This last point is something that, at least personally, clashes once in a while with the concept of “full anonymity” or the creation of a DID per relationship… I understand these are features that make a lot of sense for guaranteeing self-sovereignty, however, I’m also trying to see things from a KYC perspective: does it really make sense to be completely anonymous or have a different “face” per individual relationship when my goal as a person (in this context) might be to be able to prove the consistency of “identity data” among multiple institutions?..

My current guess is that although creating a DID per relationship is a powerful and necessary feature, also “relationships” not only occur between entities, but also between entities and contexts. Therefore I could be using the same face within the financial context (even towards multiple different banks), and another “persona” within other contexts, saving for myself the correlational possibility.

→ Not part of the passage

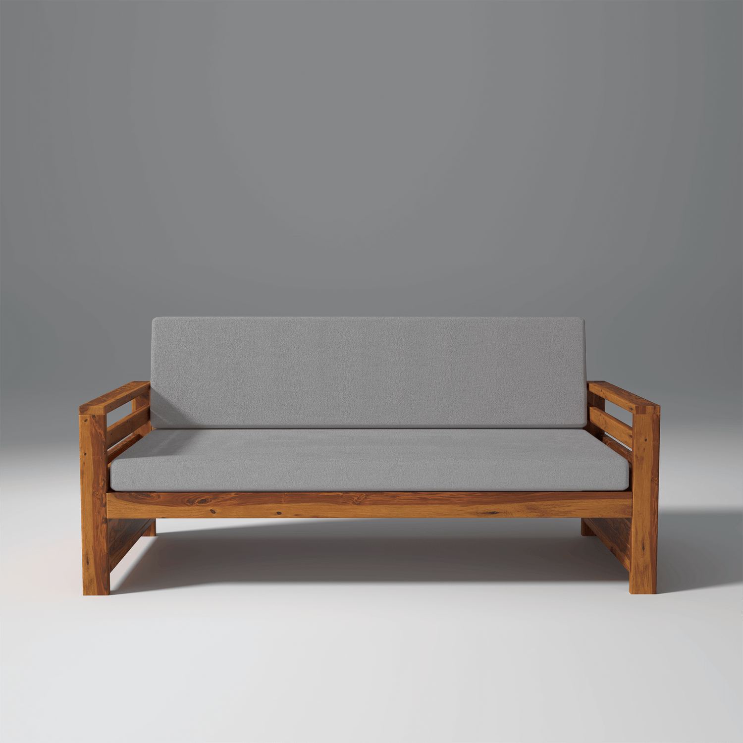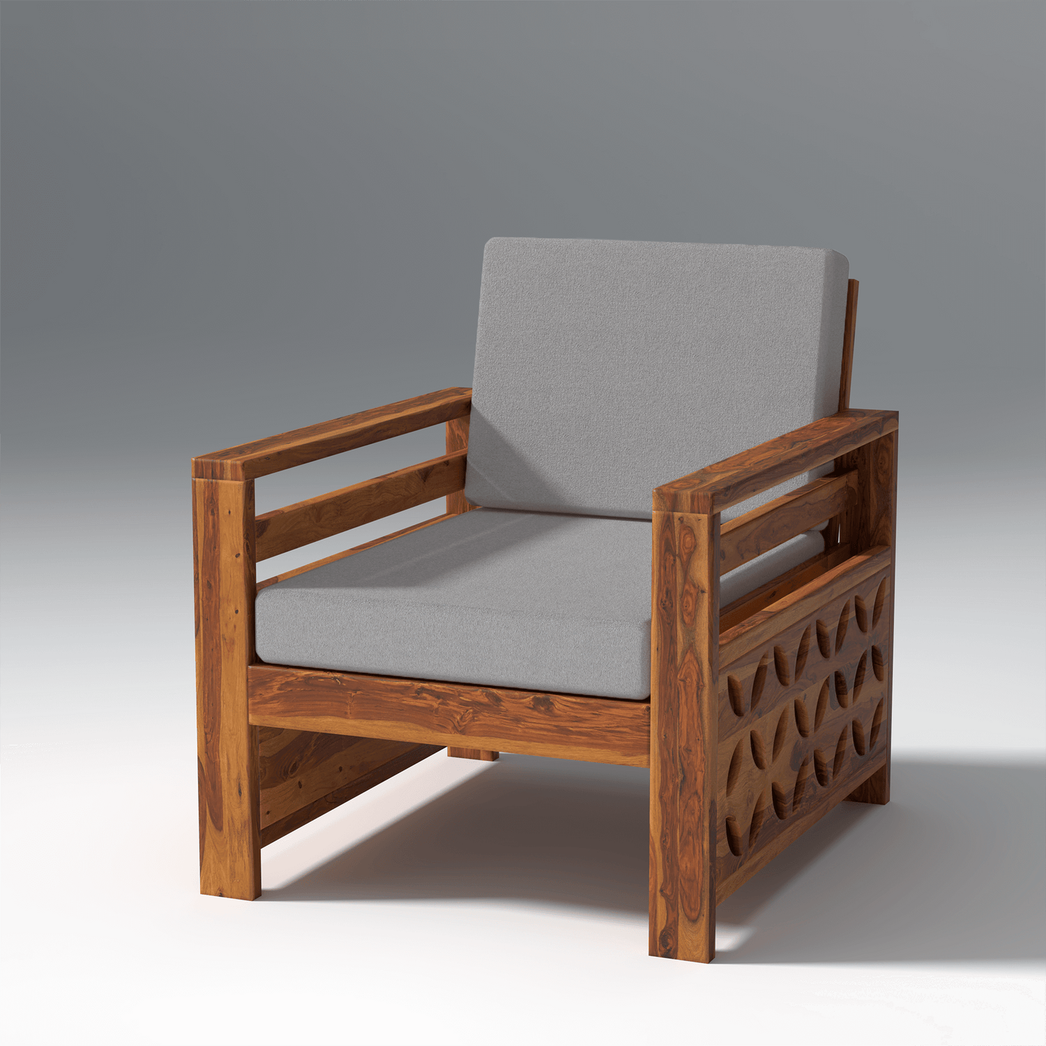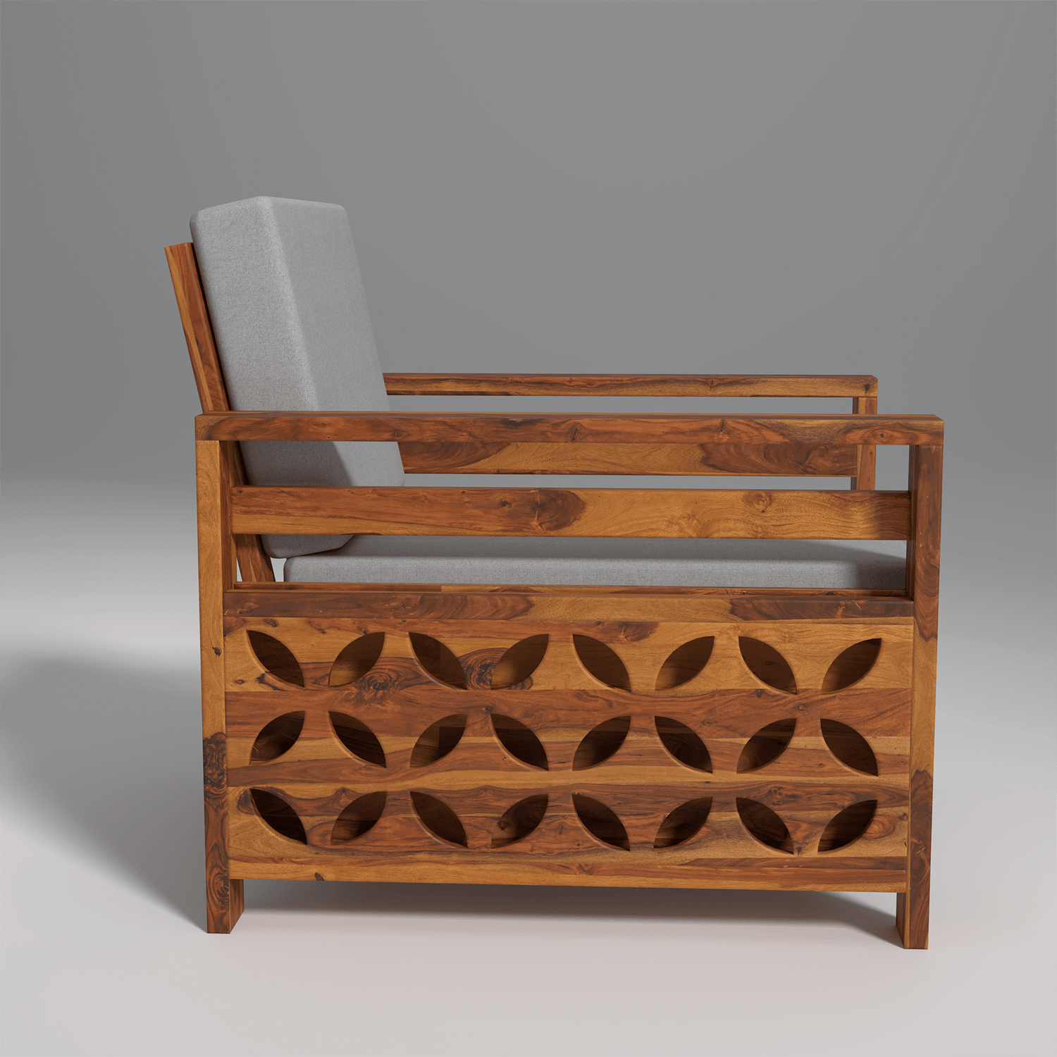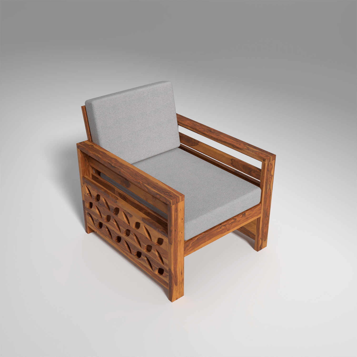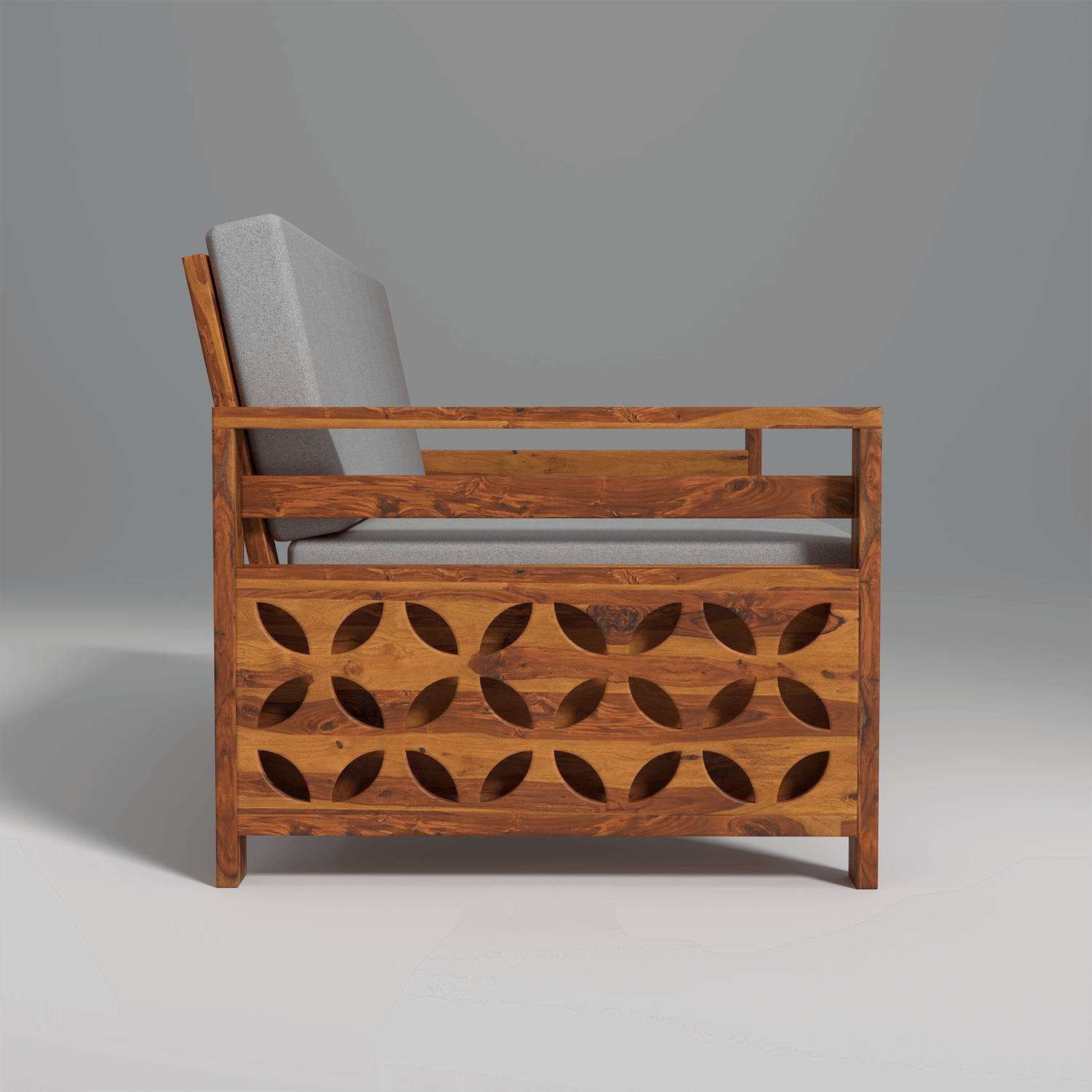 The Nirvana Wooden sofa set, comprising of a 2-seater, 1-seater, and another 1-seater, offers a versatile and comfortable seating arrangement for your living space.

It seems to me that correlation might be a desired feature in some contexts… What are the views of the Sovrin community with regard to this?


#8

Hi Carlos,
I think you are spot on, and thanks for the insight on what idem means as a set of attributes that relate to s a single unique individual. However, as you say this [quote=“cbruguera, post:7, topic:187”]
clashes once in a while with the concept of “full anonymity”
[/quote]

I’m not sure you can ever have this, I have just been beginning the gargantuan task of considering the implications of GDPR on my business. The essence of this as explained to me by one individual is 'if there’s anything that could in anyway enable a 3rd party to identify an individual, then you have to be able to delete / forget it". This is really tricky and something wrestled with over many ID & data product development projects. Basically you can figure out who someone is very, very easily. You don’t need any identifiers, and even if there are lots of safeguards on individual attributes, it’s pretty easy to figure out who a person is if you ask 3 or more questions. (see https://www.amazon.co.uk/d/Home-Kitchen/Hasbro-Guess-Who-Game/B00ZWPRH3G)

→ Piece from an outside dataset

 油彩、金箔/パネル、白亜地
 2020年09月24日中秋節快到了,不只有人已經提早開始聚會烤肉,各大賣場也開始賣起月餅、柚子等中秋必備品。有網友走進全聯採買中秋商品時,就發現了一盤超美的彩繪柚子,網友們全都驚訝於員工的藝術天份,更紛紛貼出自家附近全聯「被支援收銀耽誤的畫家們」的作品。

So to that extent you are right, we can’t offer full anonymity. In a way this is what brings the two meanings of idem together. The things we hold in common with those different social groups (nation, workplace, home town) are enough to create a venn diagram with a small number of, or single identifier, at its heart. Every time I have worked on protecting privacy in this context we have ended up with the same list of things that we have to do (technical, commercial and contractual) to ‘make you forget’. I think this is doubly difficult on a ledger that is there for all time. When I worry on this in the wee hours, I always ask myself the question - “do they want to be anonymous?” My answer is normally: “No - they want to be recognised and valued, they just want to control by whom and in what context.”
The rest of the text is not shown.